Supplied records:
_ _ _ _ _
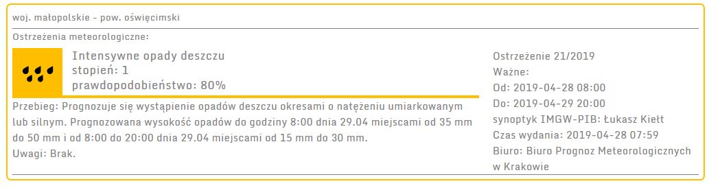 Ostrzeżenie meteorologiczne: Intensywne opady deszczu stopień: 1 2019-04-29
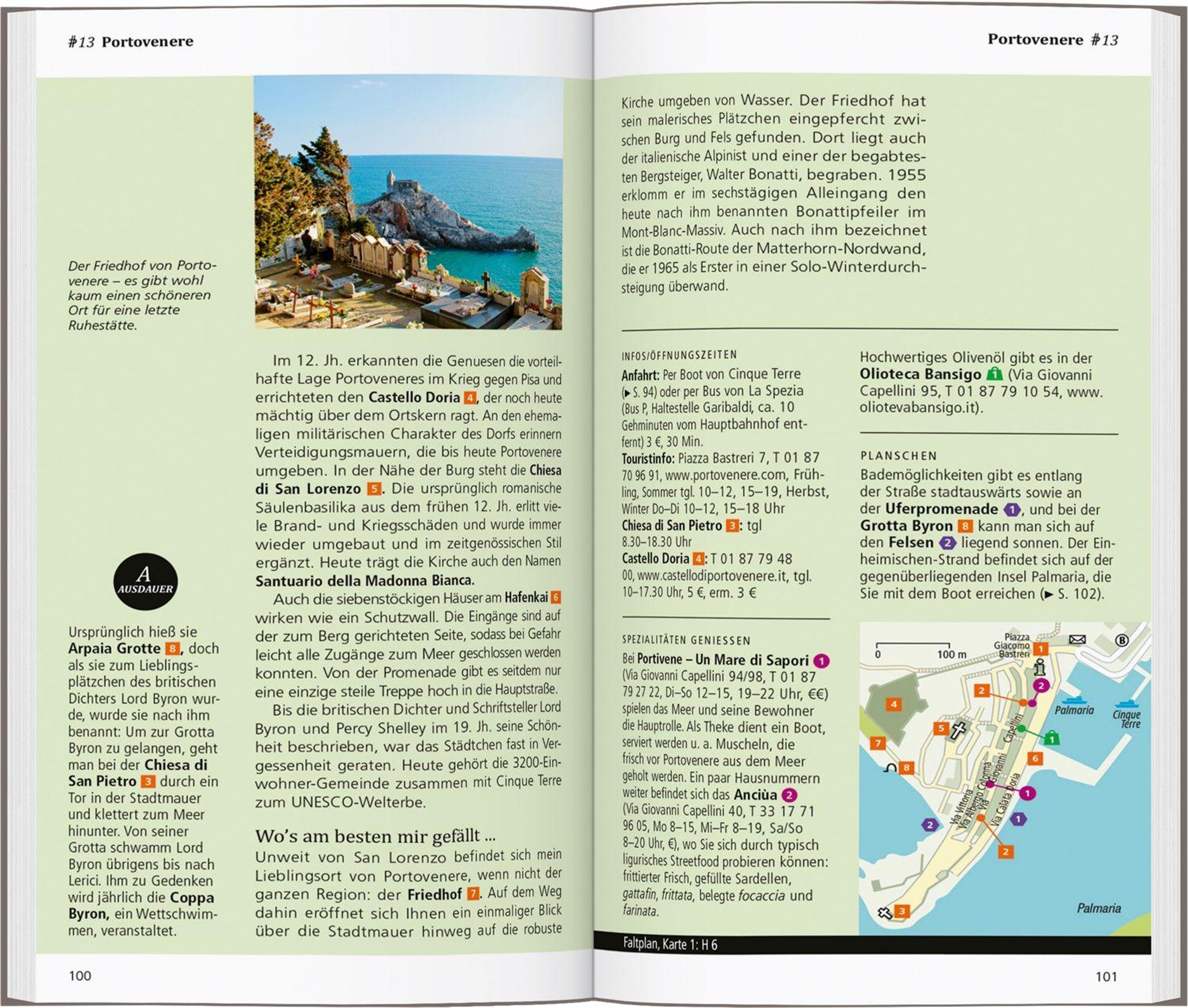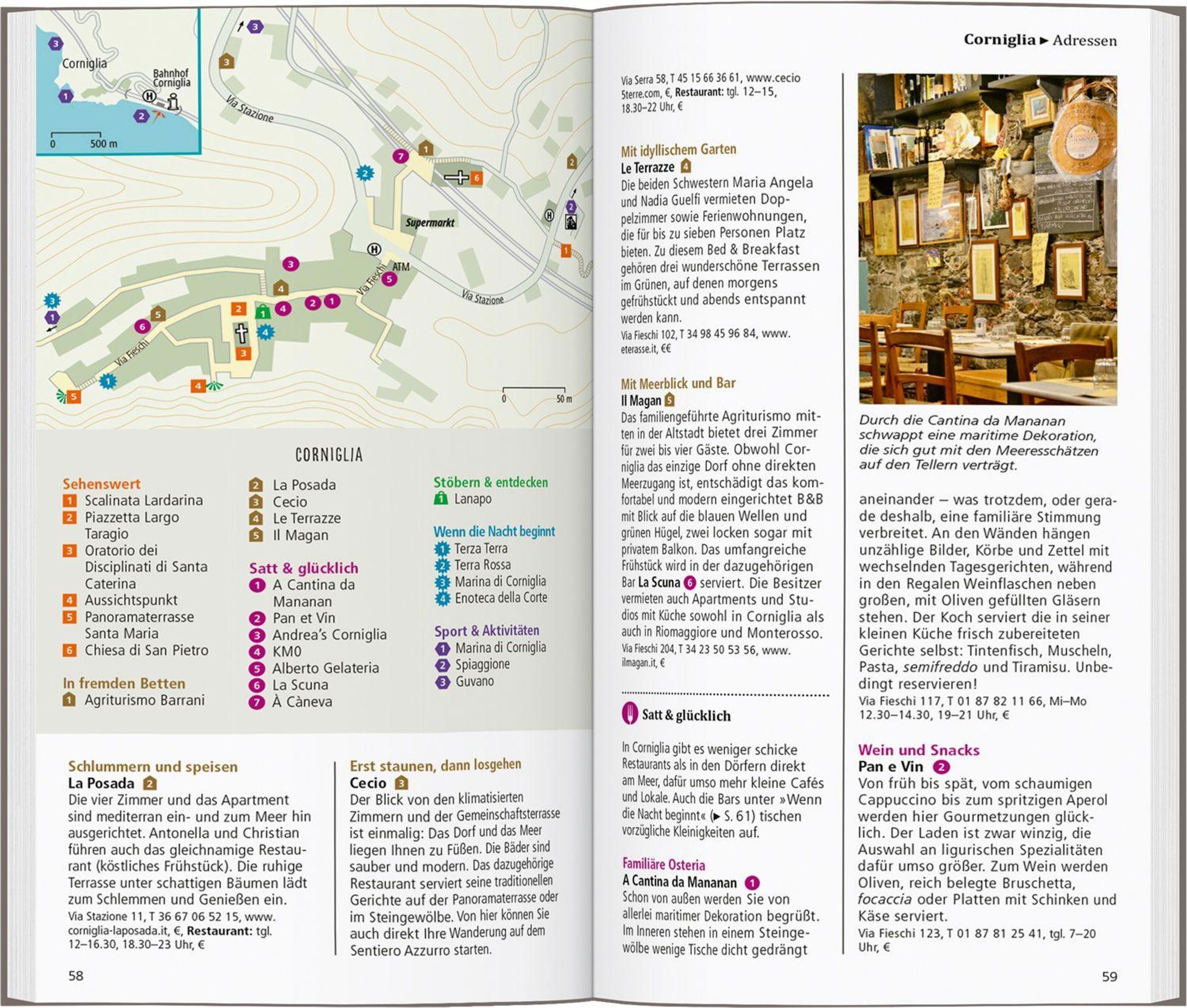 Dank vieler Tipps und Adressen erfahren Sie, wo es sich in fremden Betten gut schläft, wo Sie glücklich satt werden, wohin die Menschen in Cinque Terre zum Stöbern und Entdecken gehen und wohin es sie zieht, wenn die Nacht beginnt.
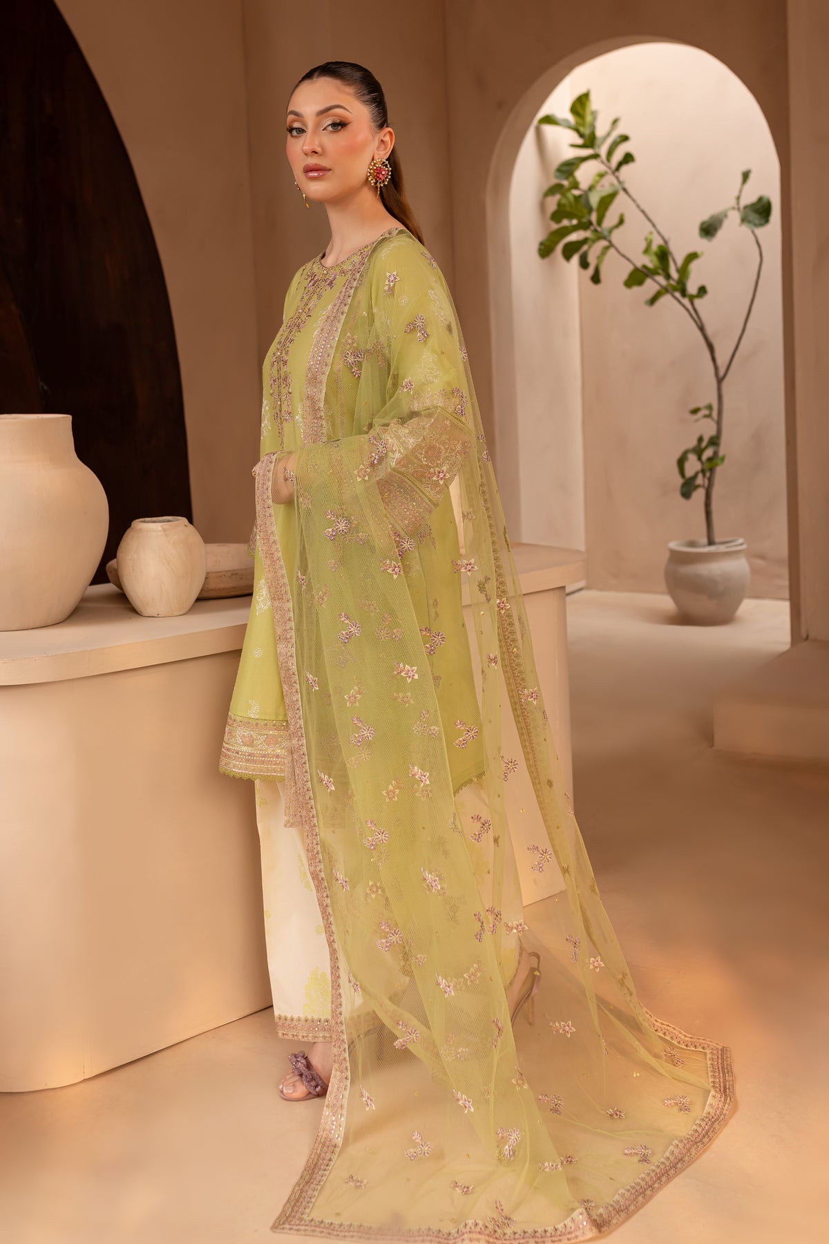 The ensemble is completed with a net dupatta, adorned with embroidered borders and a soft spread, adding a light, elegant touch to the overall outfit.
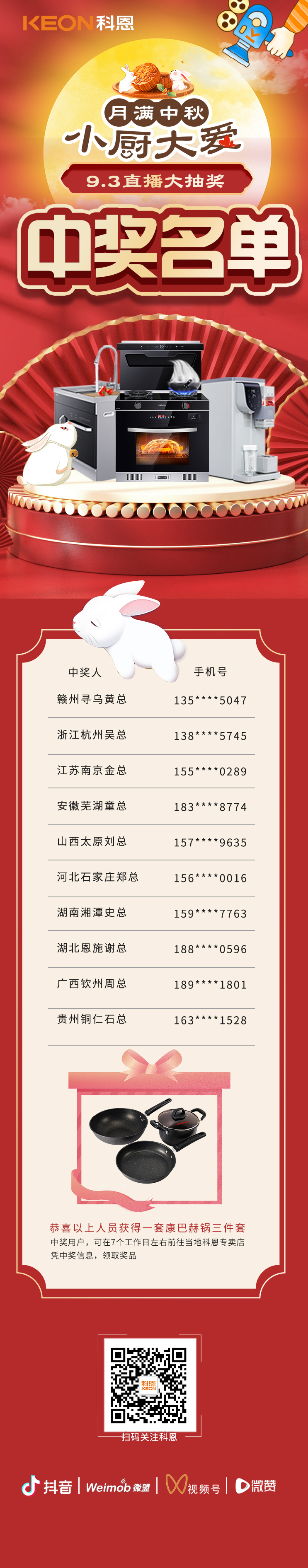 話(huà)不多說(shuō),先來(lái)公布9月3日晚第二期月餅DIY直播現(xiàn)場(chǎng)中獎(jiǎng)名單,恭喜以下10位幸運(yùn)寶寶!請(qǐng)?jiān)谄邆€(gè)工作日左右,憑中獎(jiǎng)信息到當(dāng)?shù)乜贫鲗?zhuān)賣(mài)店領(lǐng)取您的專(zhuān)屬獎(jiǎng)品!沒(méi)有中獎(jiǎng)的寶寶也不用氣餒,沒(méi)準(zhǔn)下一期的直播大獎(jiǎng)就在向你招手!你就是幸運(yùn)錦鯉本鯉!
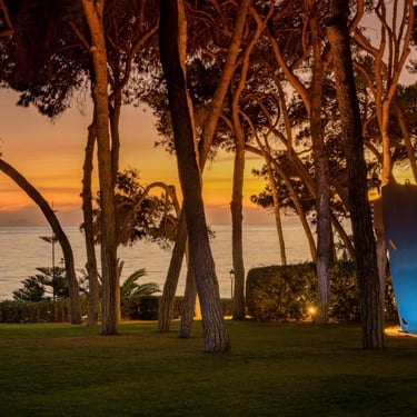 Set within 11,800 m² of mature pine gardens and slightly elevated above the promenade, the estate ensures discretion while maintaining direct Mediterranean access. Private buyout only.
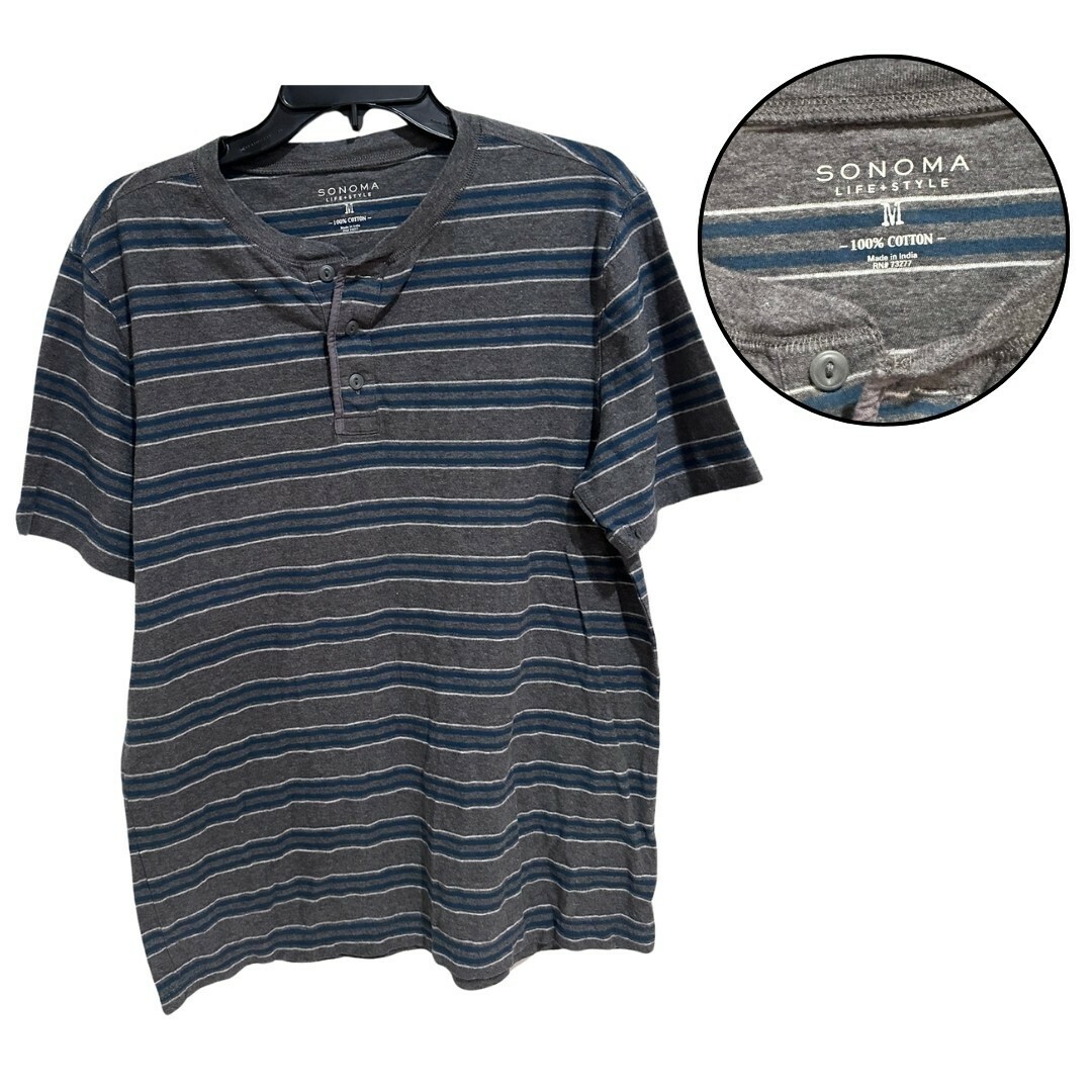 Sonoma Life+Style Men’s M Gray Striped Henley Short Sleeve Casual Shirt Tee
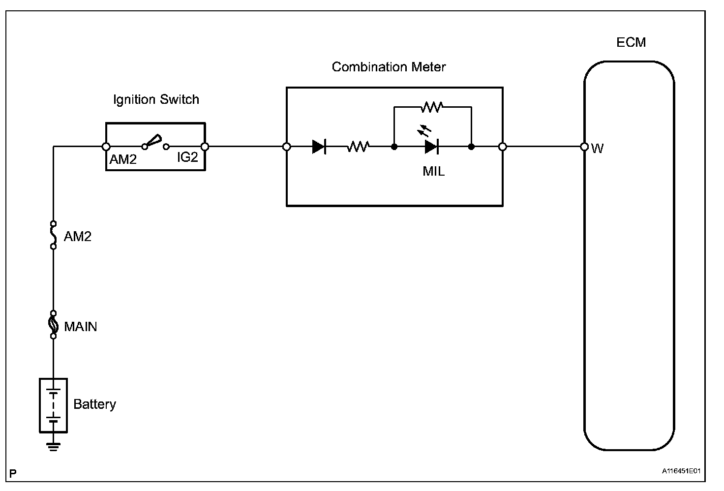The MIL (Malfunction Indicator Lamp) is used to indicate vehicle malfunction detections by the ECM. By turning the ignition switch ON, power is supplied to the MIL circuit, and the ECM provides the circuit ground which illuminates the MIL.
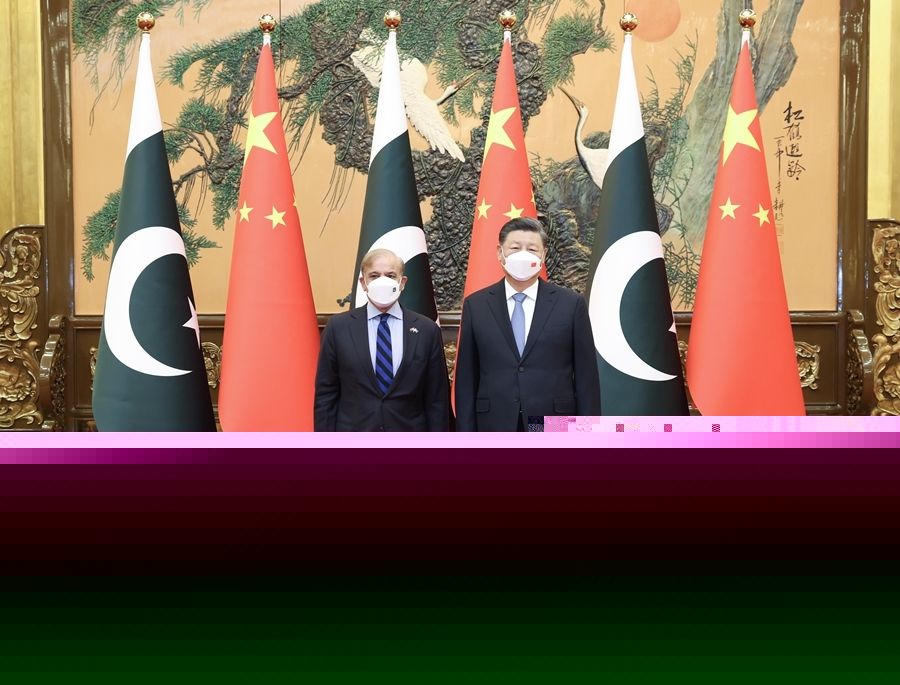 11月2日上午,國(guó)家主席習(xí)近平在北京人民大會(huì)堂會(huì)見(jiàn)來(lái)華進(jìn)行正式訪問(wèn)的巴基斯坦總理夏巴茲。新華社記者 謝環(huán)馳 攝
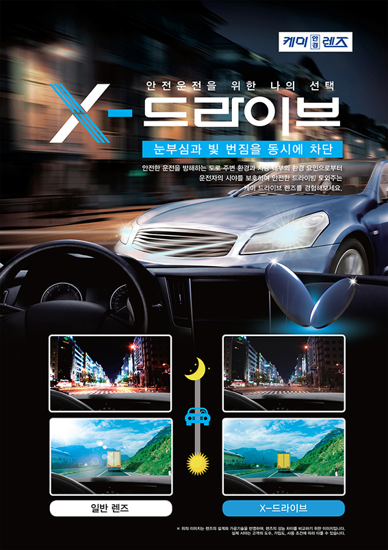 X-DRIVE는 렌즈의 수지(소재)와 코팅 기술로 야간 운전에 불편한 불빛을 부분 차단시켜 눈부심과 번짐 현상을 줄였다. 렌즈는 색깔이 없는 투명한 소재로 개발해 98% 정도의 매우 높은 투과율로 야간 운전에도 뚜렷하고 선명한 시야 확보는 물론 눈의 피로감 또한 줄일 수 있다. 가장 큰 특징으로는 컬러다. 기존의 그린계열 코팅 대신 보라색 계열(VIOLET)코팅을 사용한 이유는 최대시감도가 507nm~555nm인데 이는 그린영역의 파장대라서 그린색 코팅을 하면 이 파장은 받아들일 수 없게 된다. 시각적 정보에 의존해 운전을 하기 때문에 시인성을 높이는 것에 최우선을 뒀다.
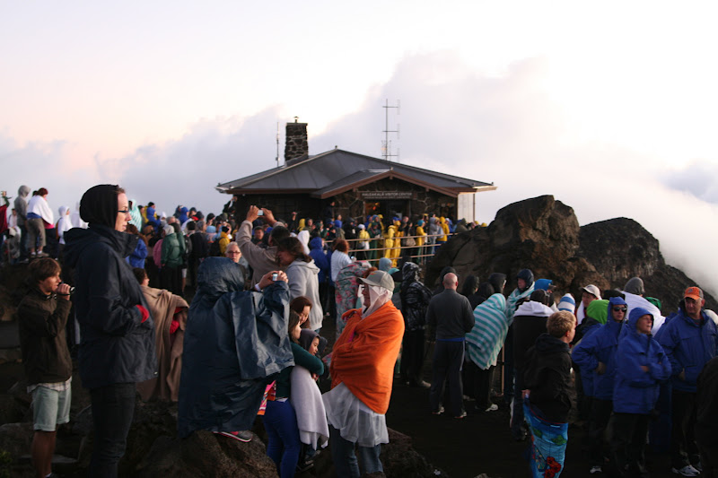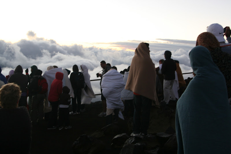 This was a REALLY early morning, and we put it near the end to help get us used to our regular time zone again. We woke up about 3am, and headed once again in the car up the tallest mountain in Maui (10,000 feet) to see the sunrise from above the clouds. It’s quite the thing to do, and the locals around here told us to dress very warmly as it gets very cold up there. We would smile at them and chuckle to ourselves (yeah right, cold!) Still, I packed the towels from our hotel to use as a blanket. I packed a thin wool sweater just for this event, and long jeans. Knut had a thin jacket and 1 long sleeve shirt along, so he felt all set as well.
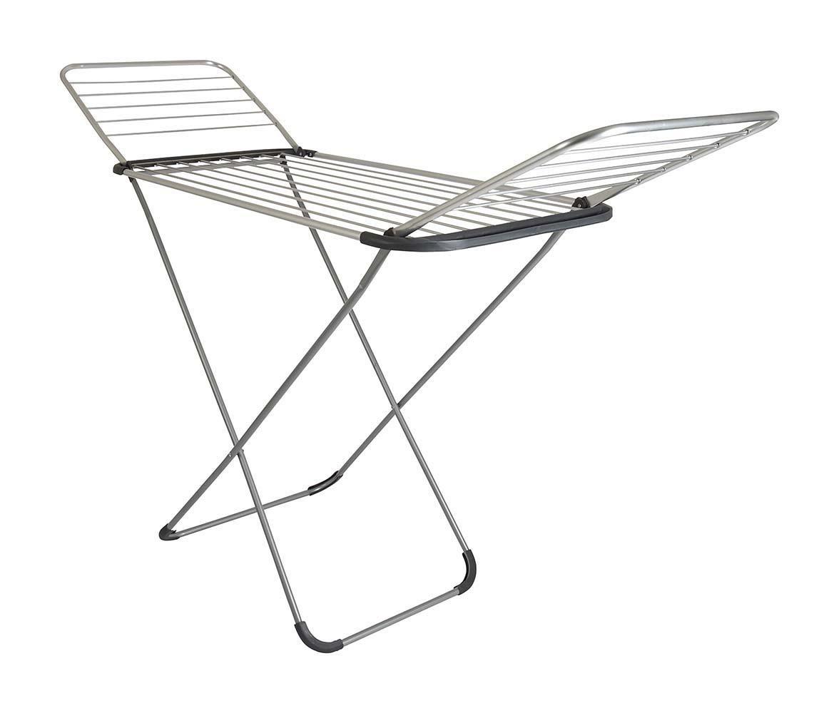 Een compact in te klappen droogrek met 2 zijrekken. Gemaakt van aluminium en staal. Zeer lichtgewicht droogrek met een draadlengte van in totaal 18 meter.
_ _ _ _ _
Aim of the task:
In the records above, everything from the line with "Dank vieler Tipps" down to the line with "The MIL (Malfunction" must be duplicated exactly, both lines kept. Leave no pictures in.

Task output:
 Dank vieler Tipps und Adressen erfahren Sie, wo es sich in fremden Betten gut schläft, wo Sie glücklich satt werden, wohin die Menschen in Cinque Terre zum Stöbern und Entdecken gehen und wohin es sie zieht, wenn die Nacht beginnt.
 The ensemble is completed with a net dupatta, adorned with embroidered borders and a soft spread, adding a light, elegant touch to the overall outfit.
 話(huà)不多說(shuō),先來(lái)公布9月3日晚第二期月餅DIY直播現(xiàn)場(chǎng)中獎(jiǎng)名單,恭喜以下10位幸運(yùn)寶寶!請(qǐng)?jiān)谄邆€(gè)工作日左右,憑中獎(jiǎng)信息到當(dāng)?shù)乜贫鲗?zhuān)賣(mài)店領(lǐng)取您的專(zhuān)屬獎(jiǎng)品!沒(méi)有中獎(jiǎng)的寶寶也不用氣餒,沒(méi)準(zhǔn)下一期的直播大獎(jiǎng)就在向你招手!你就是幸運(yùn)錦鯉本鯉!
 Set within 11,800 m² of mature pine gardens and slightly elevated above the promenade, the estate ensures discretion while maintaining direct Mediterranean access. Private buyout only.
 Sonoma Life+Style Men’s M Gray Striped Henley Short Sleeve Casual Shirt Tee
The MIL (Malfunction Indicator Lamp) is used to indicate vehicle malfunction detections by the ECM. By turning the ignition switch ON, power is supplied to the MIL circuit, and the ECM provides the circuit ground which illuminates the MIL.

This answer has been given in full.